Крапа не думая и не рассчитывая сил с порога кинул в Огненного Сокола «невидимый камень» – тот отлетел к окну, опрокидывая жаровню, щипцы зазвенели по каменному полу.
– Я не думал, что ты такой дурак, Знатуш… Чтобы держать девочку в руках, довольно было пригрозить ей смертью Желтого Линя, убивать его было необязательно.
Огненный Сокол медленно сел на полу, но подняться на ноги сразу не смог, палач кинулся собирать рассыпавшиеся из жаровни угли.
– У меня был приказ третьего легата.
– Не слишком ли много рвения ты проявил, выполняя этот приказ? Почему ты не поверил Желтому Линю? Я все рассчитал до мелочей, но твоего рвения не учел.
– Желтый Линь – предатель, шпион Чернокнижника, – не очень уверенно сказал Огненный Сокол.
– Какая разница? Теперь у тебя нет ничего, чтобы удержать девочку. – Крапа оглянулся на двоих гвардейцев, застывших у двери. – Желтого Линя – ко мне в карету, быстро и очень осторожно.
– Он не жилец… – проворчал Огненный Сокол. – Ему в самом деле лучше поскорей умереть, чтобы не мучиться.
– Не стоило так обращаться с лучшим секретарем Млчаны. Где лекарь?
– Я… здесь… – раздался тихий голос из дальнего угла. – Я говорил капитану… Я предупреждал…
– Принеси мне маковых слез. Быстро.
– Маковые слезы его убьют… – пробормотал лекарь.
* * *
Когда двое внесли в карету тело, завернутое в гвардейский плащ, и уложили на сиденье напротив, Спаска не только не поверила, она не поняла. Было сумрачно – плотные шторы не пропускали свет. Когда же гвардейцы вышли и захлопнули двери, стало совсем темно. И очень, очень страшно. Потому что с сиденья напротив раздался тихий протяжный вой – тягучий, звериный. Человек не может издавать таких звуков. Спаска чуть не вскрикнула от испуга: накрытое гвардейским плащом тело было живым, оно дышало и дрожало… Спаска приподняла занавеску и взглянула в лицо того, кто лежал на сиденье.
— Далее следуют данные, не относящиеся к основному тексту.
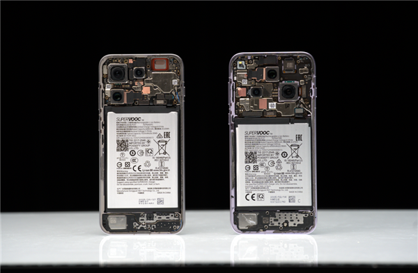 于是我们直接拆了一台 Find X9 ,跟使用上一代模具的 Find X8s+ 做了一个对比。拆开后盖,看到内部结构后,你就会发现, Find X9 把大部分空间都留出来给这块大电池了。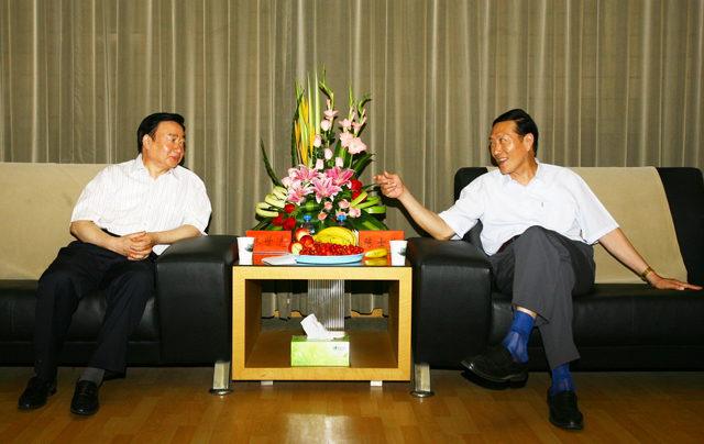 5月27日下午,中国轻工业联合会会长陈士能、副会长兼秘书长王世成在河南省轻工业协会会长陈清波等的陪同下莅临我校视察指导工作。校党委书记林世选,校长剧乂文,校党委副书记张胜利、张希凡,副校长龚毅等校领导在贵宾室与陈士能会长一行亲切会谈。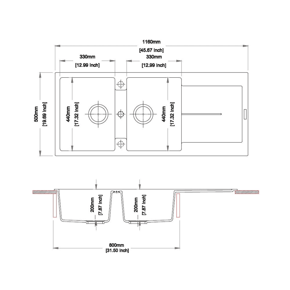 Dimensione vasca 440×330 mm.
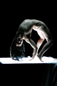 « À travers eux, par la contorsion et ses simulacres d’animalité, je questionne notre mal être, cette violence instinctuelle et aliénante transmise, et mon impuissance à me définir. La répétition d’exercices qui me cassent et les sons du corps qui s’en échappent sont liés aux discours du père et de mon frère, formant une même enveloppe rythmique. Ce projet est une tentative de démystification de la folie. »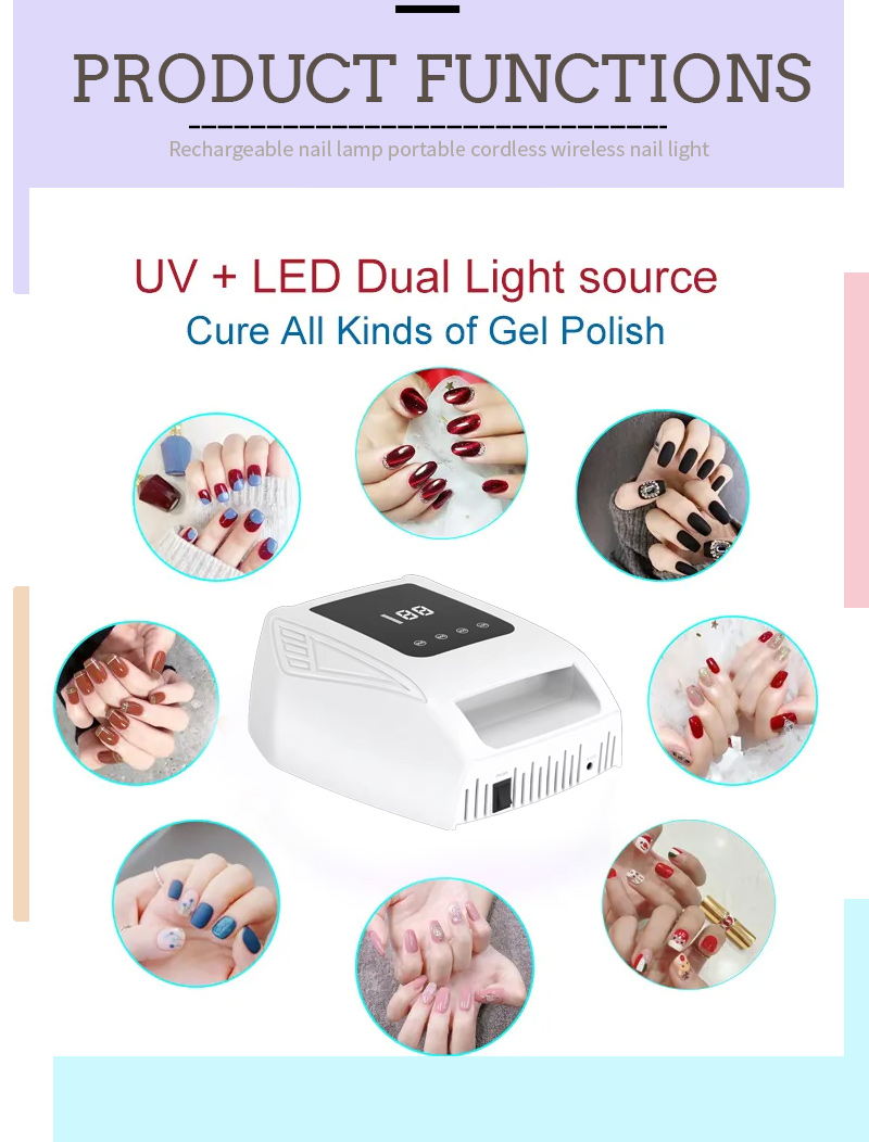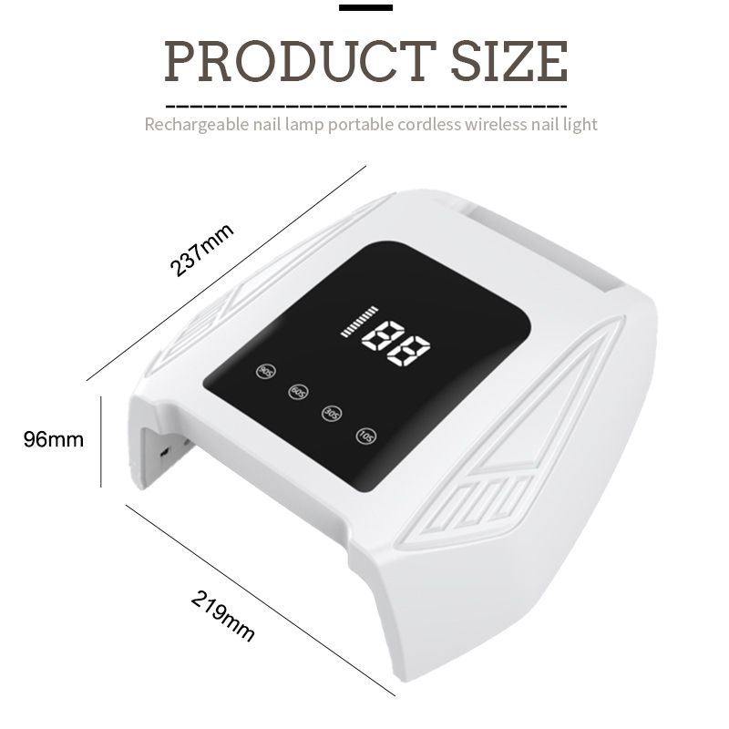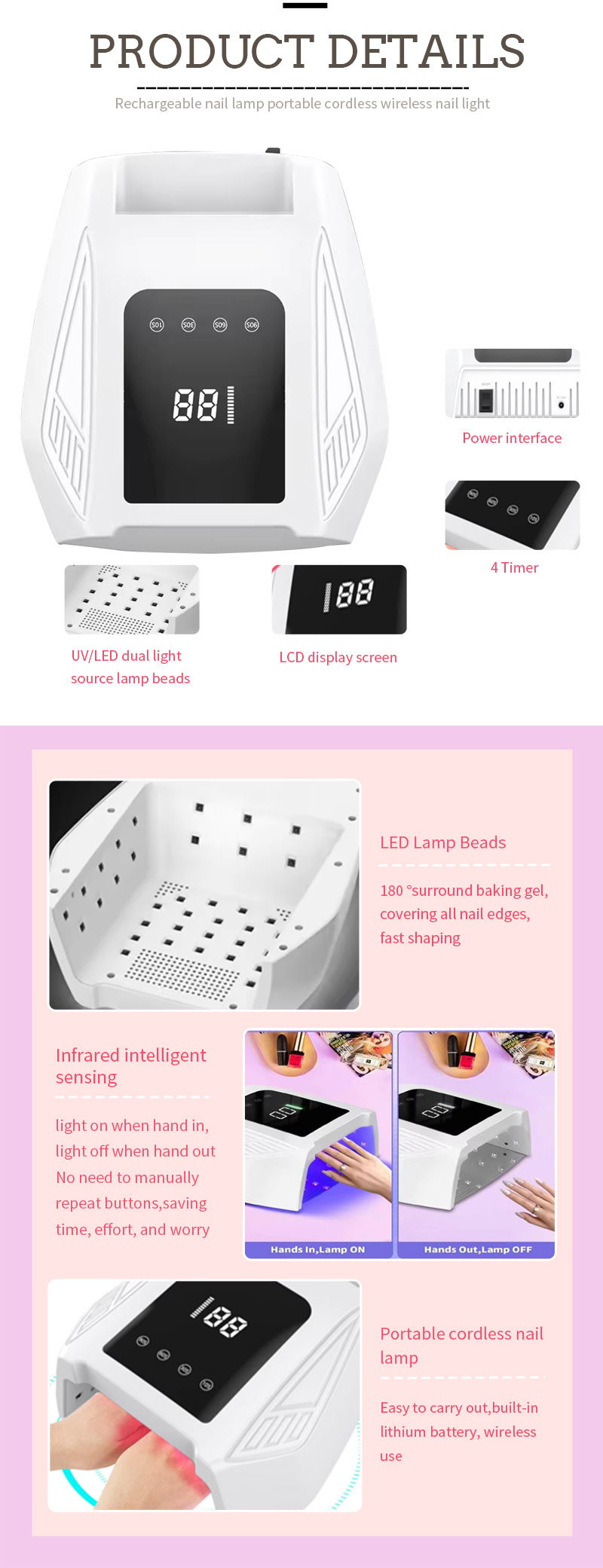 Lampada di smalti per unghie ricaricabile La versione professionale della versione 120W ha un design della scanalatura, la maniglia nella scanalatura può essere utilizzata come ruolo di maniglia portatile, rendendo più conveniente da trasportare e mettere. Evita anche lo svantaggio che la maniglia sia facilmente spezzata e liberata.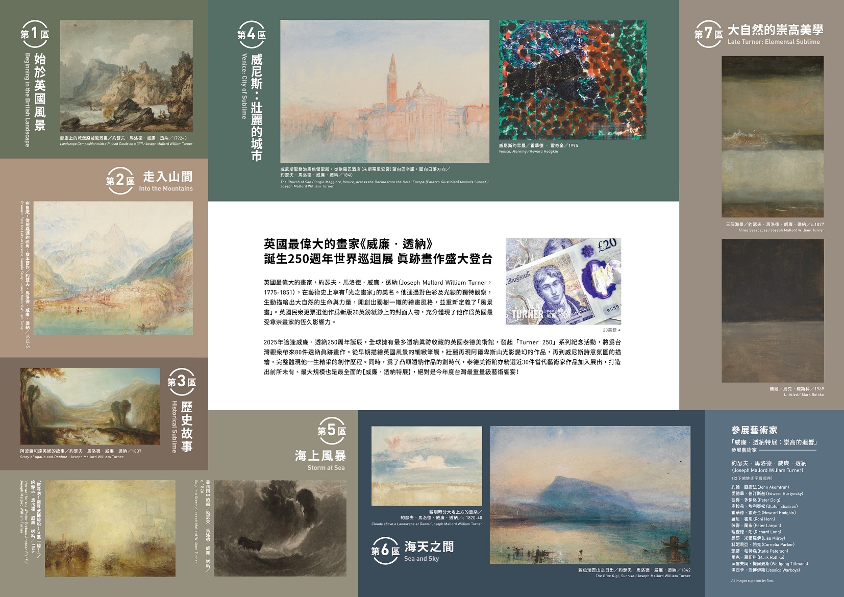 一、展覽說明:「威廉.透納特展:崇高的迴響」展出80件透 納真跡畫作,分為七大展區,完整呈現其創作歷程與藝術 理念,並加入28件英國泰德美術館精選的當代藝術作品, 讓學子體驗藝術的時代對話與想像空間。

Нет, не обезобразивший лицо глубокий ожог на месте левого глаза увидела Спаска прежде всего: безвольно разомкнутые посиневшие губы… Восковую бледность, выпирающие скулы, заострившийся нос. Страшней всего было заглянуть в открытый правый глаз и увидеть в широком черном зрачке ясное сознание, мольбу, ужас и желание умереть.
Спаска не смогла ни закричать, ни заплакать – рухнула на колени в его изголовье.
– Нет, – шептала она. – Нет, нет, нет… Не надо… Пожалуйста, пусть этого не будет. Пусть это мне снится.
Лошади перешагнули с ноги на ногу, карета качнулась, и Волче снова завыл – его губы не шевельнулись, вой шел откуда-то из груди, судорогой. Слеза выкатилась из моргнувшего правого глаза. И Спаска завыла вместе с ним, согнувшись и закрыв лицо руками, – это не снится. Ему это не снится – с ним это произошло на самом деле. И надо что-то делать, сейчас же, немедленно, иначе он умрет.
– Мама, мамочка… Родная моя, милая, помоги мне, мамочка… Я ни о чем тебя никогда не просила, но сегодня – помоги мне. Мне никто больше не поможет, только ты… Мамочка, пожалуйста, пусть он не умрет…
Дверь снова распахнулась, и в карету сел Красен, качнув ее слишком сильно, – Спаска зажала рот руками, чтобы ее крик не разнесся по всему Хстову. Она ощутила боль Волче как свою, ей не надо было смотреть на его тело, чтобы узнать, что с ним произошло.
Чудотвор протянул Спаске склянку с притертой пробкой:
– Это опий. Маковые слезы. Дай ему три глотка.
Спаска выдернула пробку и тронула ее языком.
– Нет, нет… – зашептала она, мотая головой. – Нельзя, поздно. Он уснет и не проснется.
Когда в теле так мало крови, нельзя давать маковые слезы, это известно каждому лекарю.
Красен взял ее за руку и еле заметно сжал ее ладонь.
– Так для него будет лучше, – сказал он еле слышно. – Конец мукам, легкая хорошая смерть. И… у тебя на руках… Он заслужил счастливую смерть. Это жестоко – длить его мучения. Он все равно не выживет, в этом мире нет средств, чтобы его спасти.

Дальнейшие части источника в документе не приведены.